Daylight of the day I would tell about found us just at the edge
of the little buttes. Down one of the slopes the growing half
light revealed two oryx feeding, magnificent big creatures, with
straight rapier horns three feet in length. These were most
exciting and desirable, so off my horse I got and began to sneak
up on them through the low tufts of grass. They fed quite calmly.
I congratulated myself, and slipped nearer. Without even looking
in my direction, they trotted away. Somewhat chagrined, I
returned to my companions, and we rode on.

Then across a mile-wide valley we saw two dark objects in the
tall grass; and almost immediately identified these as
rhinoceroses, the first we had seen. They stood there side by
side, gazing off into space, doing nothing in a busy morning
world. After staring at them through our glasses for some time,
we organized a raid. At the bottom of the valley we left the
horses and porters; lined up, each with his gunbearer at his
elbow; and advanced on the enemy. B. was to have the shot
According to all the books we should have been able, provided we
were downwind and made no noise, to have approached within fifty
or sixty yards undiscovered. However, at a little over a hundred
yards they both turned tail and departed at a swift trot, their
heads held well up and their tails sticking up straight and stiff
in the most ridiculous fashion. No good shooting at them in such
circumstances, so we watched them go, still keeping up their
slashing trot, growing smaller and smaller in the distance until
finally they disappeared over the top of a swell.

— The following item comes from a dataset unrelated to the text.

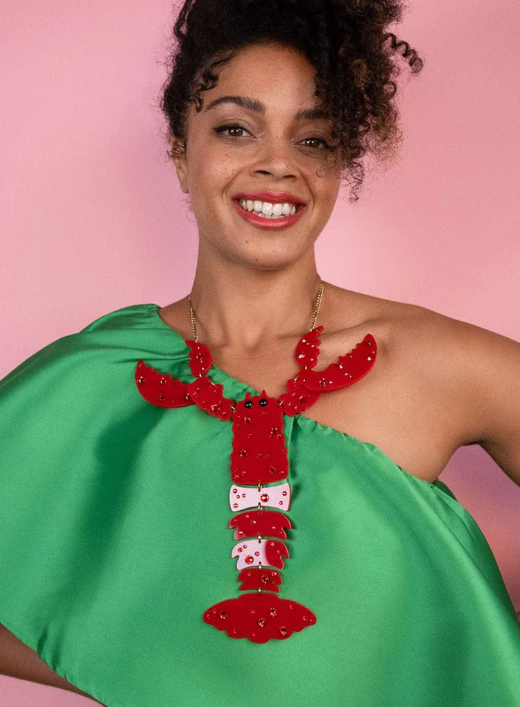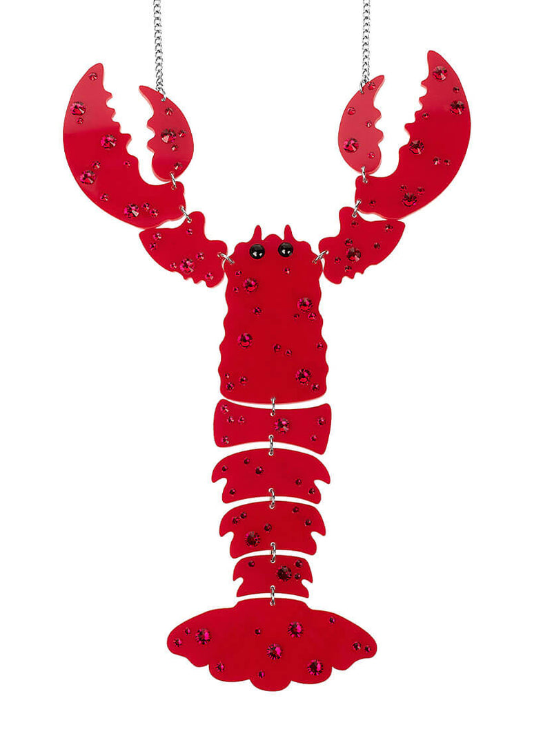 Oversized oceanic accessories, call on our iconic Lobster Statement Necklace. Laser cut in glossy red recycled acrylic, this bold jewellery design was made to adorn dance floors and little black dresses. Embellished with 99 ruby red crystals and articulated to move with you, serve bold styling with this eye-catching red accessory.
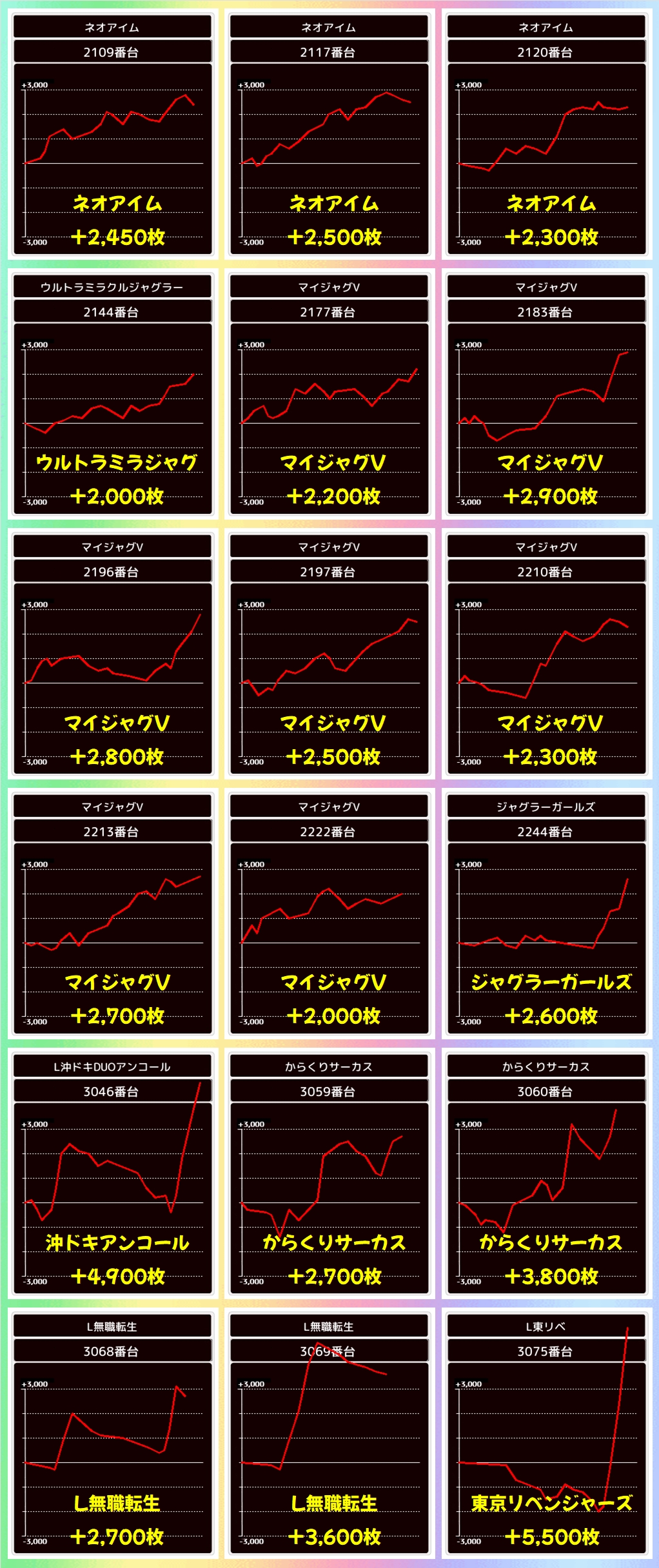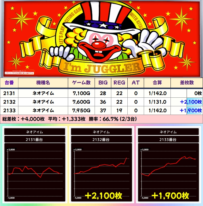【3台並び】ネオアイム(2131台番〜2133台番)→平均+1,333枚(2/3台+)

We set ourselves methodically to following them. It took us over
an hour of steady plodding before we again came in sight of them.
They were this time nearer the top of a hill, and we saw
instantly that the curve of the slope was such that we could
approach within fifty yards before coming in sight at all.
Therefore, once more we dismounted, lined up in battle array, and
advanced.

Sensations? Distinctly nervous, decidedly alert, and somewhat
self-congratulatory that I was not more scared. No man can
predicate how efficient he is going to be in the presence of
really dangerous game. Only the actual trial will show. This is
not a question of courage at all, but of purely involuntary
reaction of the nerves. Very few men are physical cowards. They
will and do face anything. But a great many men are rendered
inefficient by the way their nervous systems act under stress. It
is not a matter for control by will power in the slightest
degree. So the big game hunter must determine by actual trial
whether it so happens that the great excitement of danger renders
his hand shaky or steady. The excitement in either case is the
same. No man is ever "cool" in the sense that personal danger is of
the same kind of indifference to him as clambering aboard a
street car. He must always be lifted above himself, must enter an
extra normal condition to meet extra normal circumstances. He can
always control his conduct; but he can by no means always
determine the way the inevitable excitement will affect his
coordinations. And unfortunately, in the final result it does not
matter how brave a man is, but how closely he can hold. If he
finds that his nervous excitement renders him unsteady, he has no
business ever to tackle dangerous game alone. If, on the other
hand, he discovers that IDENTICALLY THE SAME nervous excitement
happens to steady his front sight to rocklike rigidity-a
rigidity he could not possibly attain in normal conditions-then
he will probably keep out of trouble.

To amplify this further by a specific instance: I hunted for a
short time in Africa with a man who was always eager for exciting
encounters, whose pluck was admirable in every way, but whose
nervous reaction so manifested itself that he was utterly unable
to do even decent shooting at any range. Furthermore, his very
judgment and power of observation were so obscured that he could
not remember afterward with any accuracy what had happened-which
way the beast was pointing, how many there were of them, in which
direction they went, how many shots were fired, in short all the
smaller details of the affair. He thought he remembered. After
the show was over it was quite amusing to get his version of the
incident. It was almost always so wide of the fact as to be
little recognizable. And, mind you, he was perfectly sincere in
his belief, and absolutely courageous. Only he was quite unfitted
by physical make-up for a big game hunter; and I was relieved
when, after a short time, his route and mine separated.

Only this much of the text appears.